Images hosted on other servers:

Keloids and hypertrophic scars

Gross description
  • Polypoid, covered by thin, hairless skin
  • Can be small (< 2 cm) up to very large
Gross images

Contributed by Andrew Dettrick, M.B.B.S. and Ruta Gupta, M.D.

Raised dome with hairless surface

Cut surface

Microscopic (histologic) description
Microscopic (histologic) images

Contributed by Andrew Dettrick, M.B.B.S.

Dermal lesion

Edge of lesion

Keloidal collagen

Increased fibroblasts

Virtual slides

Images hosted on other servers:

Polypoid shape

Increased fibroblasts

Characteristic keloidal collagen

Videos

Keloid scar:
5 minute pathology pearls
by Dr. Jerad Gardner

Sample pathology report
  • Skin sternum, excision:
    • Dermal scar with keloidal type collagen (see comment)
    • Comment: The histological features are consistent with keloid or hypertrophic scar; correlation with the clinical features is recommended.
Differential diagnosis
  • Hypertrophic scar:
    • Confined to the area of injury without lateral extension
    • Histological overlap: tends to have more delicate fibrillar collagen and no abundant mucosubstances
    • Does not recur; clinical correlation may be required to help distinction from keloid
  • Dermatofibroma, particularly keloidal dermatofibroma:
    • More cellular; typically lacks keloidal collagen
    • No history of preceding trauma
  • Dermatofibrosarcoma protuberans:
    • No history of preceding incisions / surgery at the site
    • Pseudoepitheliomatous hyperplasia of the overlying epidermis
    • Storiform pattern
    • More cellular
    • Cytological atypia present but may be subtle
    • Lacks keloidal collagen
    • Infiltrative edges
    • Extension into subcutaneous tissue
  • Morphea / scleroderma:
    • Involves full thickness of dermis
    • Architecture of dermis largely intact
    • Collagen is thickened and hypereosinophilic but does not form intersecting bands
    • Perivascular inflammatory infiltrate of lymphocytes, plasma cells and macrophages in early lesions
    • Does not have increased ground substance
  • Desmoplastic melanoma:
    • Poorly circumscribed with deep infiltration
    • Elongated spindle cells surrounded by collagen bundles; also scattered hyperchromatic or multinucleated cells with bizarre nuclei
    • May have small foci of lymphoid aggregates
    • May be pure or combined with classic melanoma
Board review style question #1
Which of the following is true of keloid?

  1. Hypertrophic scar is synonymous with keloid scar
  2. Keloids are more common in Asian and African populations
  3. Recurrence after surgical excision is uncommon
  4. Thick collagen bundles are unique to keloid
Board review style answer #1
B. Keloids are more common in Asian and African populations.
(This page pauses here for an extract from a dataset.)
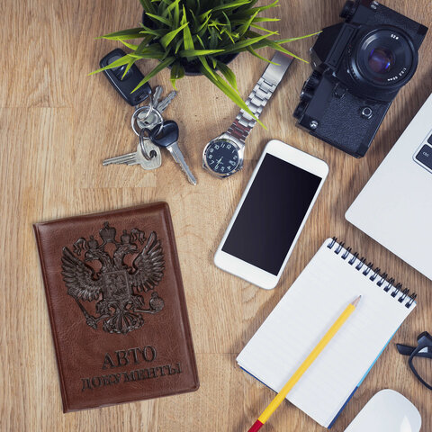 Обложка для автодокументов STAFF, полиуретан под кожу, "АВТОДОКУМЕНТЫ", коричневая, 237598

Keloids are up to 15 times more common in Asians, Hispanics and Africans. Answer A is incorrect because hypertrophic scars overlap histologically with keloid but are a separate clinical entity; clinical correlation may be required to separate them. Answer C is incorrect because recurrence occurs in up to half following simple excision. Answer D is incorrect because keloidal collagen is characteristic of keloid but can be seen to a lesser extent in hypertrophic scars.

Comment Here

Reference: Keloid
Board review style question #2

This is a photomicrograph of an excision biopsy from the earlobe of a 22 year old Japanese-Australian woman. What is your diagnosis?

  1. Dermatofibroma
  2. Hypertrophic scar
  3. Keloid
  4. Scleroderma / morphea
Board review style answer #2
C. Keloid. The image shows the classic and characteristic appearance of keloidal collagen. Answer A is incorrect because while dermatofibroma can be similar in appearance, it is typically more cellular and is most common on the legs. Answer B is incorrect because while hypertrophic scars can overlap in histological appearance with keloid, they are generally more cellular and have less keloidal collagen. Clinical history helps to make the diagnosis as Asian individuals have a much higher risk, keloids are most common in young people (10 - 30 years old) and the earlobe is a typical site. Answer D is incorrect because while scleroderma / morphea can mimic keloid on a small biopsy, the collagen pattern is different (being more ordered and almost acellular) and the clinical history is not suggestive.